А потом на правах матери-сестры, которой она для меня стала, прошла со мной в смотровой кабинет, где, пока меня раздевали и укладывали на кресло, немного понукала медсестер и наказывала врачу обращаться со мной как можно бережнее. Когда осмотр моих внутренностей закончился, я целый час отлеживалась на кушетке в отдельной комнате ожидания, вновь переживая обе свои девичьи ипостаси: одну – избранной жертвы, другую – интактной половинки, и, когда наконец появился доктор, чтобы обсудить со мной поступившие результаты, я взяла Мири за руку.
Мири сидела рядом, пока мне объясняли суть проведенного обследования и рассказывали о невыявляемых недугах, которые подтачивали мое здоровье. С нею вместе мы услышали о недоразвитии ряда моих органов: из-за голода почки у меня остались совсем детскими и весь мой организм застыл на пороге взросления по той причине, что жил когда-то человек без души, который собирал коллекцию детей и притворялся, будто любит тех, в ком находил особинку, расхваливал их и медленно умерщвлял. Внутренние органы, загубленные его беспрокими руками, не отвечали потребностям моей взрослой жизни.
Тут Мири обо мне заплакала. У нее хлынули слезы, которых у меня больше не осталось. Сидела она неподвижно и лишь в какой-то момент спросила о моих чувствах, а когда я не ответила, Мири лишь произнесла мое имя, и Стасино тоже. Посторонних глаз она не стыдилась; ей хотелось поведать всем и каждому, что он со мной сделал; сейчас в ней ничего не было от той женщины, которая заставила себя стоически перенести наше расставание в Кракове.
В ту пору я думала, что у меня остались от нее только туфли для степа. Но когда меня для пересечения границы силком запихнули в гроб, в носке одной туфли я нашла записку. В ней я ожидала увидеть прощальные слова. Думала, Мири будет виниться, рассказывать про свои недуги, помешавшие ей отправиться со мной в бегство.
Но та давняя записка, которая плакала расплывшимися буквами?

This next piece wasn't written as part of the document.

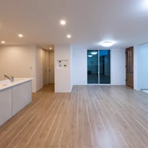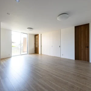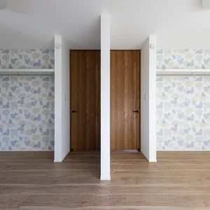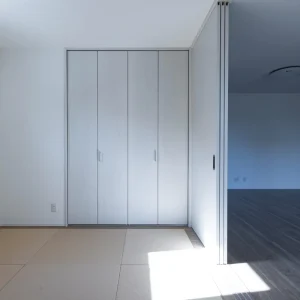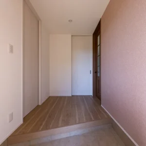 扉を開けると、やわらかな光が差し込む明るい玄関ホール。視線が奥へと抜ける設計により、入った瞬間から開放感を感じられる空間になっています。日中は自然光に包まれ、夜は間接照明のあたたかな光が落ち着きを与え、時間帯によって異なる表情を楽しめます。
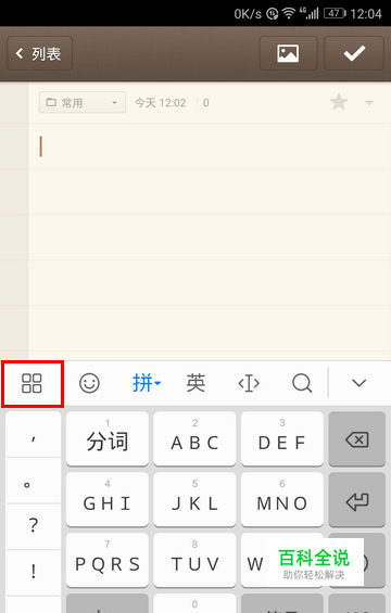 首先,将手机联上网,再随便打开一个文字编辑器,调出百度输入法华为版。等到出现输入法的面板以后,点击面板左上角的那个方格图标。

Там ни слова не говорилось о ее жизни, утрате, горестях. Там говорилось только обо мне. И когда мы, дети, попали в засаду, когда из-за движения танковых колонн попали не в тот город, а потом не в ту деревню, я говорила себе: если мне удалось выжить, то причиной тому не моя сила воли, не баклага воды, не кусок хлеба, не компания Софии и других близнецов, которые тряслись вместе со мной в кузове. И даже не придуманная нами система связи, позволявшая нам условным стуком сообщать из своих сундуков, куда мы залезали при пересечении границ и в преддверии опасностей: один раз – «Я жива»; два раза – «Я жива, но задыхаюсь»; три раза – «Я жива, но зачем?».

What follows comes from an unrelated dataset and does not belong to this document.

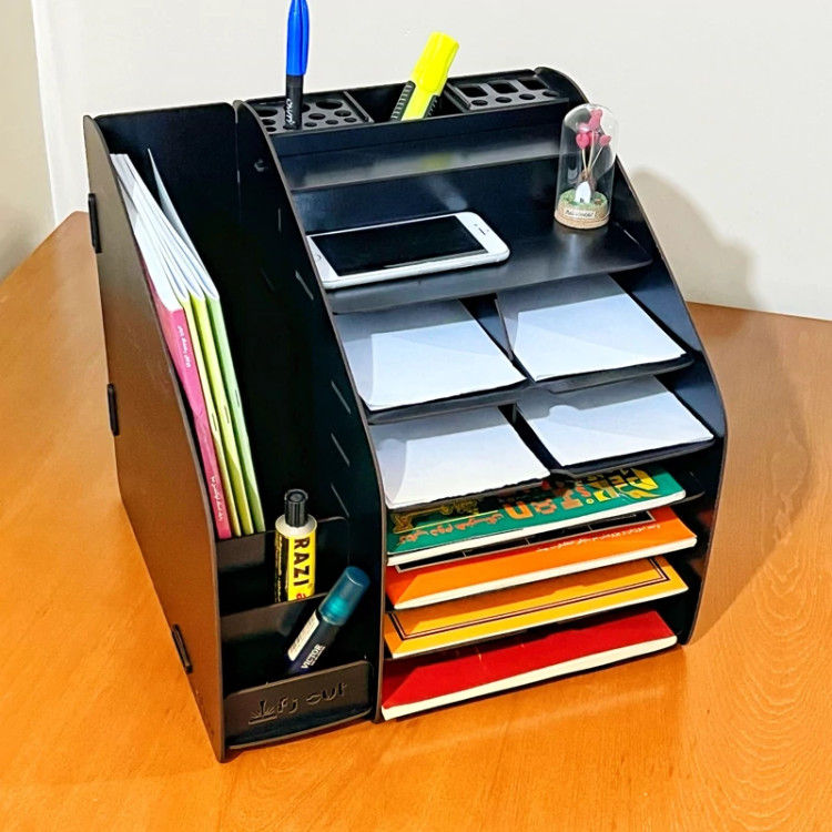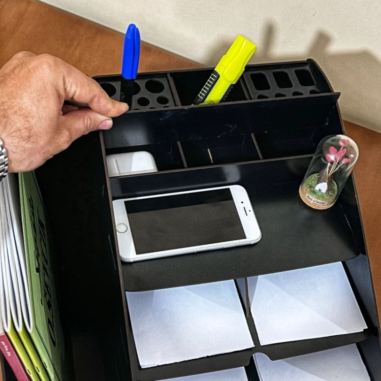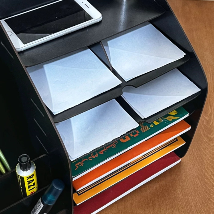 کازیه چوبی هفت طبقه مناسب برای محصلها و دانشآموزان، با طراحی خاص و جادار، انتخابی عالی برای نظمدهی به لوازم تحریر و وسایل شخصی است. این محصول با استفاده از چوب MDF سه میل ساخته شده که از دوام و کیفیت بالایی برخوردار است. با داشتن درب کوچکی در بالای آن، امکان نگهداری اشیاء کوچک بهصورت ایمن فراهم شده است. همچنین، بخش بالایی کازیه دارای جای مخصوص برای مداد، خودکار و سایر لوازم نوشتافزار است که به راحتی در دسترس باشند. این کازیه چوبی با طراحی زیبا و مدرن، علاوه بر کارایی، به دکوراسیون میز تحریر شما جلوهای ویژه میبخشد. هفت طبقهی جادار آن به شما امکان مرتبسازی کتابها، دفترها و سایر وسایل مورد نیازتان را میدهد. با داشتن این کازیه، همیشه همه چیز مرتب و در دسترس خواهد بود، که به ویژه برای دانشآموزان و محصلان که نیاز به سازماندهی بهتر دارند، بسیار مفید است. استفاده از مواد با کیفیت و طراحی دقیق، این کازیه را به محصولی متمایز تبدیل کرده است. این محصول علاوه بر کارایی بالا، دوام و استحکام مناسبی دارد و میتواند سالها در خدمت شما باشد. با انتخاب این کازیه چوبی هفت طبقه، نه تنها به نظم و ترتیب محیط کاری خود کمک میکنید، بلکه از زیبایی و کیفیت بالای آن نیز بهرهمند میشوید.

И только рассказ Мири о той Необыкновенной Половинке, которая меня любила, только те подробности – ее игры, ее пристрастие к ножу, как она побуждала меня танцевать, – только это поддерживало во мне жизнь в течение трех суток пути, пока наш грузовик не остановили двое дезертиров вермахта, которые были настолько одержимы желанием найти средство передвижения, что не погнушались выбросить Якуба с водительского места. При их приближении Якуб велел нам залезать в сундуки. Почуял ли он приближение своей смерти – не знаю. Я только услышала пистолетный выстрел и удар тела о землю. И еще я слышала, как всхлипывает лежащая рядом София. Грузовик набирал скорость, и я сказала, что нам нужно только дождаться, когда солдаты сделают остановку, а как только грузовик затормозит, мы все вылезем, добежим до ближайшей деревни и найдем другой путь к спасению. София напомнила, что я на костылях. Я напомнила, что мы с ней – близнецы, хотя каждая пережила утрату. И заверила, что общими усилиями мы с ней добьемся своего, – так всегда говорила моя Необыкновенная Половинка.
И с этого момента я, не имевшая рядом никого, с кем можно разделить обязанности, все взяла на себя. Я взяла на себя надежду и риск, безрассудную решимость и упрямую веру в то, что в очередной раз сумею выкарабкаться.
Прямо в сундуке я надела туфли для степа и стала выжидать, когда можно будет пинком откинуть крышку и выброситься.